• **Problem statement**:
Strip out the pictures and output each remaining line of the data word for word.

Extracted data entries:
Start of Block
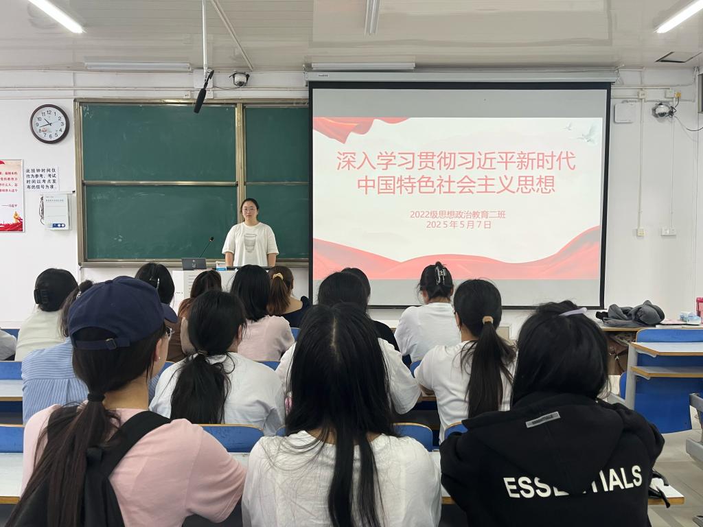 5月7日下午,beat365亚洲版官网2022级思想政治教育二班在社科楼514教室召开“深入学习贯彻习近平新时代中国特色社会主义思想”主题团课。beat365官网2022级思想政治教育二班全体成员共同参与此次团课。团课由团支书李佳音主持。
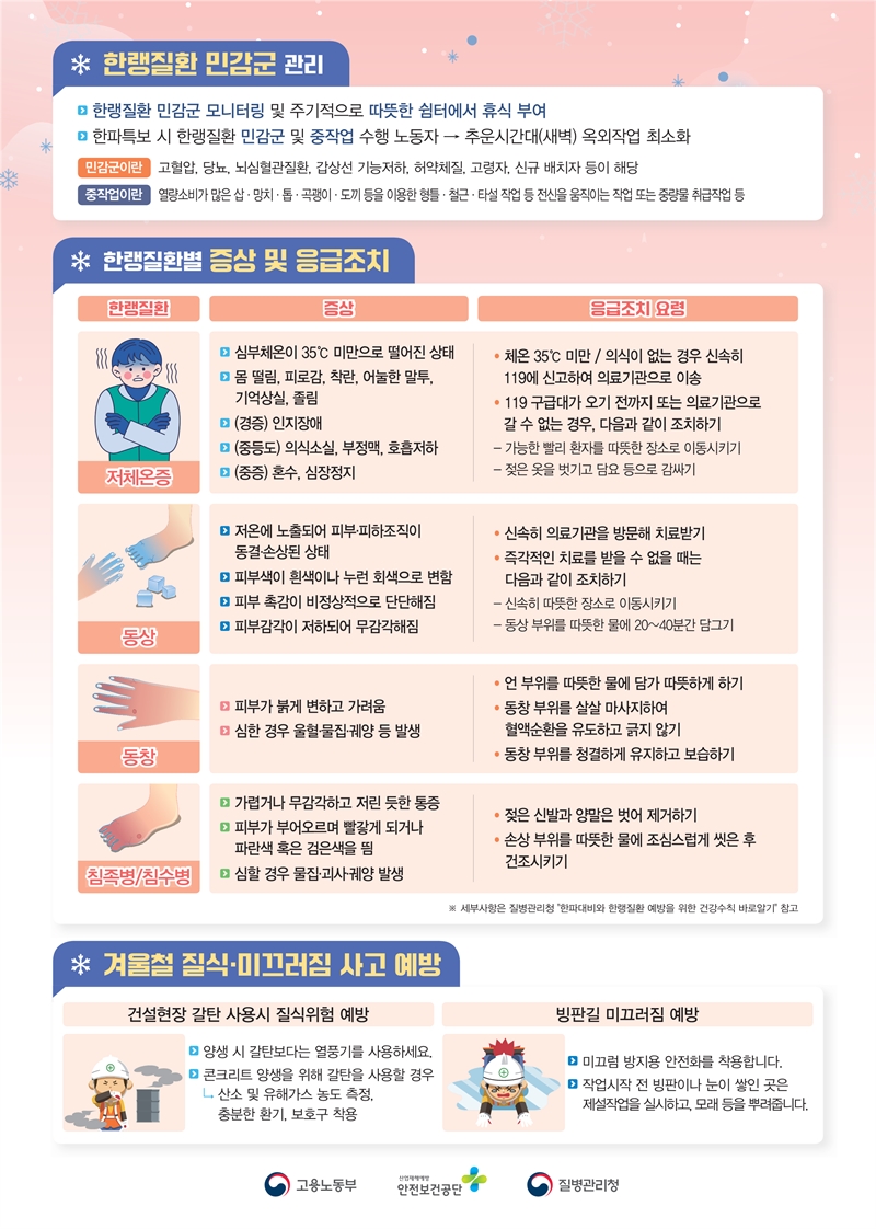 한파주의보 발령 시 작업 시간대를 오전 6시에서 9시로 조정하고, 한파경보 발령 시에는 옥외작업을 최소화하도록 지도할 방침이다.
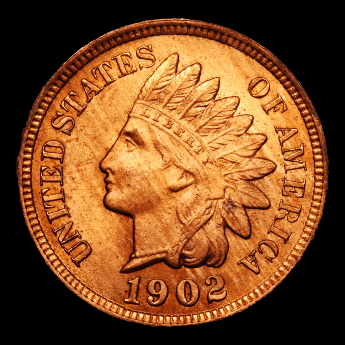 1902 Indian Cent 1c Grades Gem+ Unc RB.
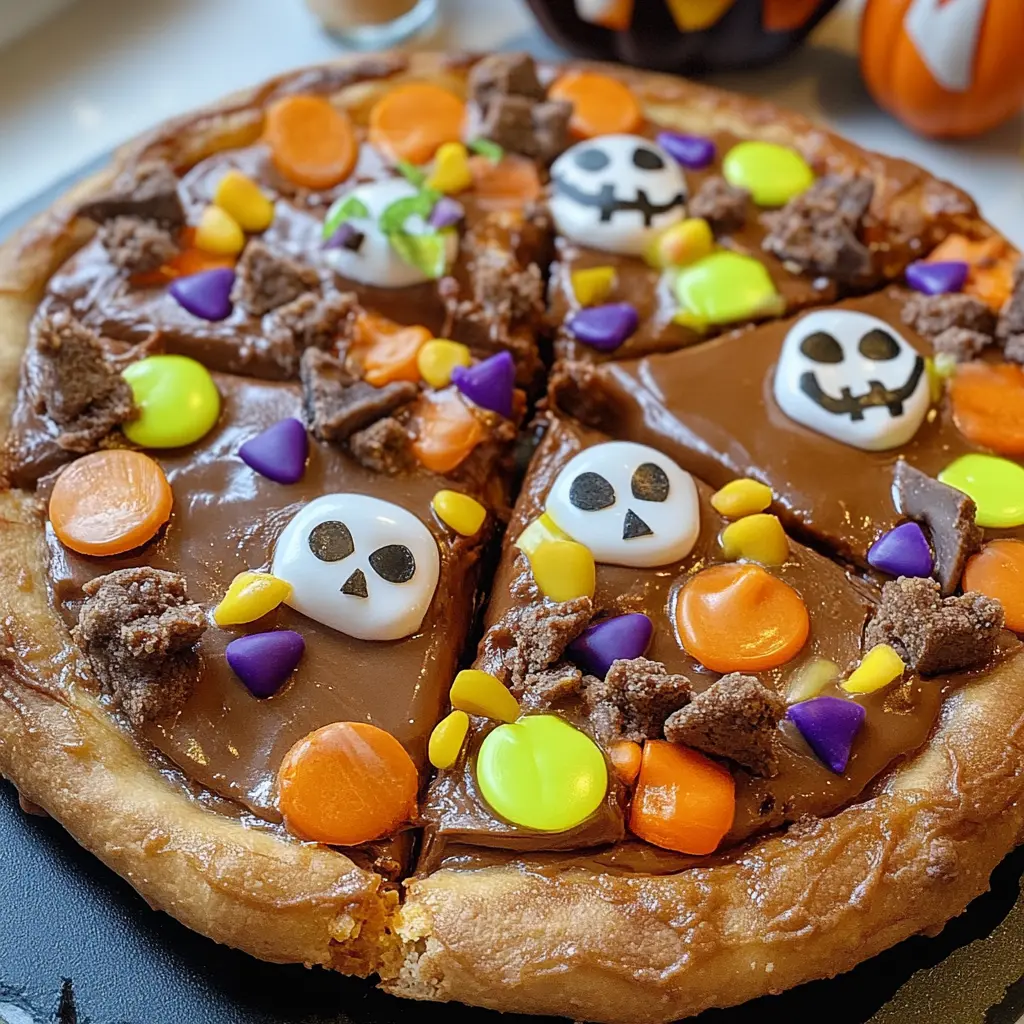 This recipe is not only incredibly simple to prepare, but it also invites creativity, allowing you to decorate your dessert pizza with an array of Halloween-themed candies. It’s a great project for kids and adults alike, making it a perfect addition to Halloween gatherings, parties, or even a cozy night at home. The best part? You can personalize it to suit your tastes and the preferences of your guests, ensuring everyone enjoys a slice of Halloween magic!
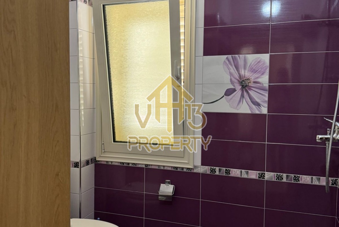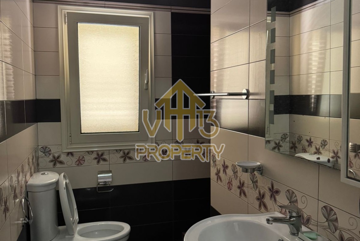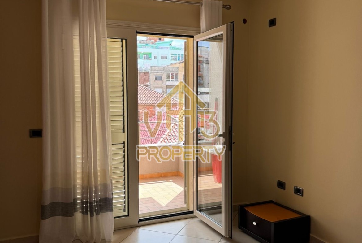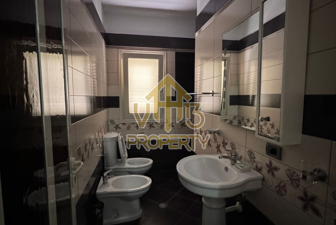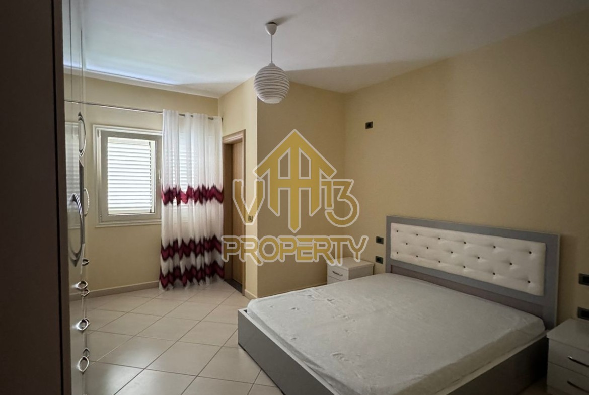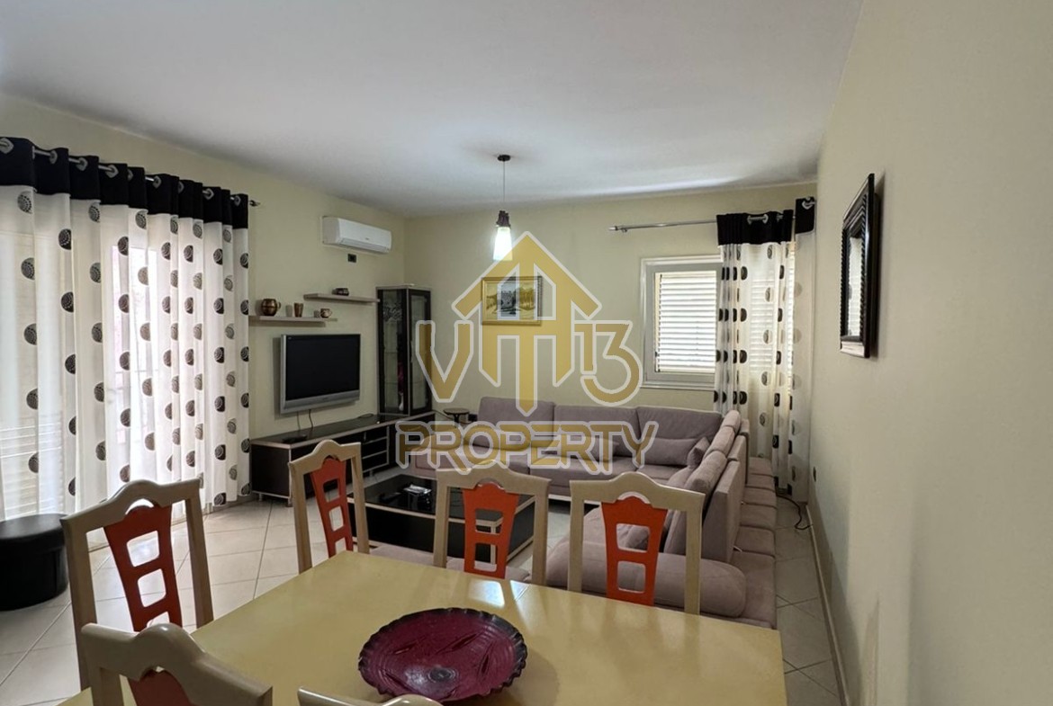 Apartamenti ndodhet ne lagjen 12, prane Kazazit. Ka nje siperfaqe siperfaqe totale prej 109 m2 dhe eshte i organizuar ne nje soggiorno, se bashku me kendin e kuzhines, dy dhoma gjumi, dy tualete dhe nje ballkon. Apartamenti eshte i mobiluar me te gjitha kushtet e nevojshme. Zona ne te cilen ndodhet eshte e qete dhe ofron te gjitha fasilitetet. Per nje vizite ne prone apo ne prona te ngjashme na kontaktoni.
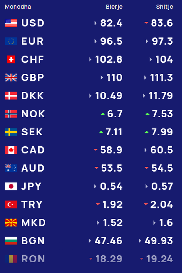 Më poshtë, po sjellim të dhënat e këmbimin valutor, për të gjitha monedhat e huaja:
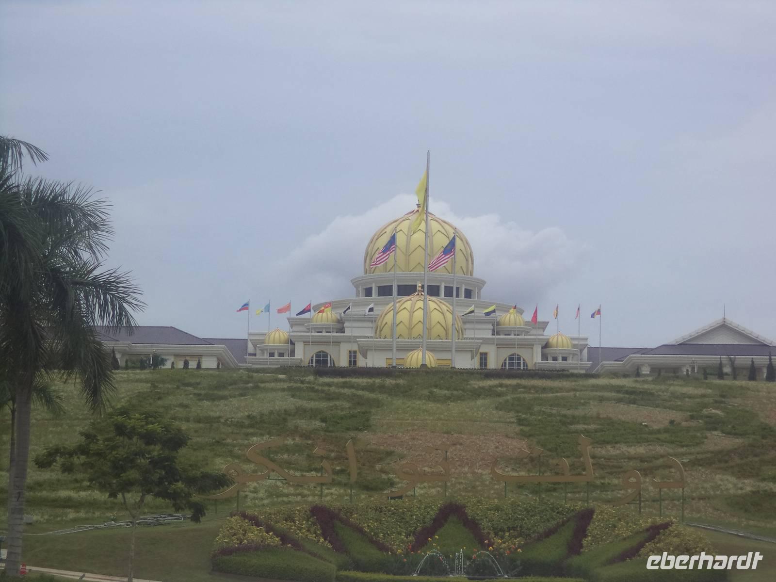 Heute erreichten wir zunächst die „Gartenstadt" Putrajaya. Die geballte Wirtschaftskraft des mitunter als „Tigerstaat" bezeichneten aufstrebenden Staates Malaysias dokumentiert sich hier als gigantisches und interessantes Projekt: erst 1995 gegründet, wird die Stadt planmäßig angelegt als neuer Regierungssitz unweit der überquellenden Hauptstadt Kuala Lumpur. Die Verkehrsanbindung, obwohl noch nicht perfekt, scheint recht gut zu funktionieren und mehr als hunderttausend Einwohner sind bereits in die moderne Stadt, bei deren Anlage neben gigantischen Hochhäusern trotz der Riesenhaftigkeit  immer wieder traditionelle Bauformen zugrunde liegen, umgezogen. Ihre Stadtlandschaft wird bestimmt durch künstlich angelegte Seen und ausgedehnte Grünflächen, dominiert von Prestige- Regierungs- und Wirtschaftsgebnäuden - meist Paradebeispiele zwar moderner, aber immer noch islamisch-malaysischen Architektur. Schon beherbergt das neue Verwaltungszentrum der Föderation von Malaysia viele Ministerien, den neuen Amtssitz des Königs (der „Istana Melawati" genannt wird) und zahlreiche Amts-, Verwaltungs- und Bankgebäude. Beherrschend aber sind das neue, gewaltige Konferenzzentrum, errichtet auf einem Hügel mit gutem Blick über Putrajaya und der Komplex des Premierministers: der „Perdana Putra" mit den Arbeitsräumen des Staatschefs und der „Seri Perdana", seine Residenz. Ein bedeutsames, elegant-erhabenes Gebäude, malerisch an einem See gelegen, ist Malaysias neue Zentral- Moschee. Putra Mosque hat Platz für etwa 15.000 Gläubige und zeigt mit ihrem 116 Meter hohem Minarett das zweithöchste Sakralbauwerk Südostasiens. Ín nur zwei Jahren ab 1997 wurde die Moschee errichte, die im Untergeschoss ihrer Seeterrasse einen großen Promenaden - und Erholungskomplex mit Snack-Restaurants und alkoholfreien Kaffee- und Erfrischungsbars beherbergt.
End of Block
• **Written solution**:
 5月7日下午,beat365亚洲版官网2022级思想政治教育二班在社科楼514教室召开“深入学习贯彻习近平新时代中国特色社会主义思想”主题团课。beat365官网2022级思想政治教育二班全体成员共同参与此次团课。团课由团支书李佳音主持。
 한파주의보 발령 시 작업 시간대를 오전 6시에서 9시로 조정하고, 한파경보 발령 시에는 옥외작업을 최소화하도록 지도할 방침이다.
 1902 Indian Cent 1c Grades Gem+ Unc RB.
 This recipe is not only incredibly simple to prepare, but it also invites creativity, allowing you to decorate your dessert pizza with an array of Halloween-themed candies. It’s a great project for kids and adults alike, making it a perfect addition to Halloween gatherings, parties, or even a cozy night at home. The best part? You can personalize it to suit your tastes and the preferences of your guests, ensuring everyone enjoys a slice of Halloween magic!
 Apartamenti ndodhet ne lagjen 12, prane Kazazit. Ka nje siperfaqe siperfaqe totale prej 109 m2 dhe eshte i organizuar ne nje soggiorno, se bashku me kendin e kuzhines, dy dhoma gjumi, dy tualete dhe nje ballkon. Apartamenti eshte i mobiluar me te gjitha kushtet e nevojshme. Zona ne te cilen ndodhet eshte e qete dhe ofron te gjitha fasilitetet. Per nje vizite ne prone apo ne prona te ngjashme na kontaktoni.
 Më poshtë, po sjellim të dhënat e këmbimin valutor, për të gjitha monedhat e huaja:
 Heute erreichten wir zunächst die „Gartenstadt" Putrajaya. Die geballte Wirtschaftskraft des mitunter als „Tigerstaat" bezeichneten aufstrebenden Staates Malaysias dokumentiert sich hier als gigantisches und interessantes Projekt: erst 1995 gegründet, wird die Stadt planmäßig angelegt als neuer Regierungssitz unweit der überquellenden Hauptstadt Kuala Lumpur. Die Verkehrsanbindung, obwohl noch nicht perfekt, scheint recht gut zu funktionieren und mehr als hunderttausend Einwohner sind bereits in die moderne Stadt, bei deren Anlage neben gigantischen Hochhäusern trotz der Riesenhaftigkeit  immer wieder traditionelle Bauformen zugrunde liegen, umgezogen. Ihre Stadtlandschaft wird bestimmt durch künstlich angelegte Seen und ausgedehnte Grünflächen, dominiert von Prestige- Regierungs- und Wirtschaftsgebnäuden - meist Paradebeispiele zwar moderner, aber immer noch islamisch-malaysischen Architektur. Schon beherbergt das neue Verwaltungszentrum der Föderation von Malaysia viele Ministerien, den neuen Amtssitz des Königs (der „Istana Melawati" genannt wird) und zahlreiche Amts-, Verwaltungs- und Bankgebäude. Beherrschend aber sind das neue, gewaltige Konferenzzentrum, errichtet auf einem Hügel mit gutem Blick über Putrajaya und der Komplex des Premierministers: der „Perdana Putra" mit den Arbeitsräumen des Staatschefs und der „Seri Perdana", seine Residenz. Ein bedeutsames, elegant-erhabenes Gebäude, malerisch an einem See gelegen, ist Malaysias neue Zentral- Moschee. Putra Mosque hat Platz für etwa 15.000 Gläubige und zeigt mit ihrem 116 Meter hohem Minarett das zweithöchste Sakralbauwerk Südostasiens. Ín nur zwei Jahren ab 1997 wurde die Moschee errichte, die im Untergeschoss ihrer Seeterrasse einen großen Promenaden - und Erholungskomplex mit Snack-Restaurants und alkoholfreien Kaffee- und Erfrischungsbars beherbergt.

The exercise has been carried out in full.